I'm obviously writing this out anger and I have every right too. The guy and I found a house that is absolutely perfect for us and our family. But ofcorse the guy has to ask other men what they think. Which annoyed the hell out of me. These other guys are not paying the bills nor or they living in it. If you have questions about the boiler, plumbing etc. I completely understand asking other men that have knowledge in these things. But when it comes to anything else like how much it is and the size and whatever. their opinions are not needed. They don't have our family, our needs or our situations. I am so, so very mad at the fact that now, the guy is not so into this house. Because apparently it doesn't have enough storage. Ummmmmm' this house has a full basement apartment with a large laundry room and a utility room with storage. It has a converted garage, that if the guy didn't need his freakin man cave (Which he does not need) is more then plenty of storage. It also has a shed, a downstairs large office room and 5 bedrooms in which we only need 4. So please explain to me where "Not enough storage" comes into play. Oh did I mention that it has a ginormous backyard that we could easily have a pool, basketball court, play ground,3 large sheds and a mini circus and still have enough room? Yeah' well it does!.  So you can see where my frustration comes in.

I want this house. I don't want to look anymore, because seriously it gets annoying. I want my own home already. I want this house for my kids to grow up in and create their memories and messes in. I want to decorate like a crazy adhd person would. I want it all and I want it before someone swoops in and steals my home. Because in my mind, it's mine already. Like no joke' I already have a SMASH book going with all my decorating ideas , colors, purposes for rooms and starting to draw out furniture layouts (yes I'm kinda crazy).

So please people whose opinions don't matter about my "storage", STFU! It's my damn house and it's going to plenty pretty and storagable (Not a word, don't care) when it's in my possession. Wish me luck people, I sure as hell need it.

Monday, March 25, 2013

I have a plan....

 I am a crazy, zombie  fan. I've always loved shooting them up in video games (Even though I sucked) and I love most zombie movies. Now since The Walking Dead Survival Instinct came out, I have been dying to play. (Side note: I don't play video games often. I can't even remember the last time I touched one.) I am a huge Walking Dead fan, so I was all nerdy excited... so was my middle daughter. She has a love for horror especially zombies. It's incredibly awesome and twisted at the same time.

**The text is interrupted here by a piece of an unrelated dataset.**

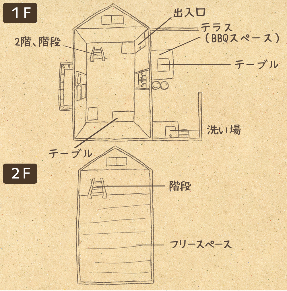 こちらのバンガローは車が真横に駐車可能。 三角屋根の3帖のロフトがあり、お子さまのにも大人気です。

So she has had me play the game just so she can watch and keep track of how many gas cans I found. ( Idk why she wanted to keep track of gas) This became annoying and tired some because well.. I'm a mom and I have ADHD so I had other shit on my to-do-but-never-finish list. So in order to side track her, I decided to tell her we're going to come up with a "Zombie Plan". This would include what we'd stock up on, where we'd want to  live and make into a fortress, our weapons and what kind of people we'd want to stay with us. And holy shit' the plan was to get her off of me playing the game, but it turned into a huge zombie planning  thing. Like it was no joke. I was starting to get all serious and explain my reasoning behind why I'd want this and that etc. Keep in mind I am doing this with a 6 year old. But my 6 year old daughter knew her stuff. She wasn't going to have Unicorns and Rainbows. She was going to have a riffle with mansion and a few doctors. She wouldn't "scout" for things at night, only in the day. She'd give everyone a gun, but advise them to only use it if it was really needed because they make to much noise. Uhhhh... Say what?!?! My daughter is the shit!

I have a feeling she's thought about this before. Because there was just to many good ideas coming out of my pint sized daughter's mouth.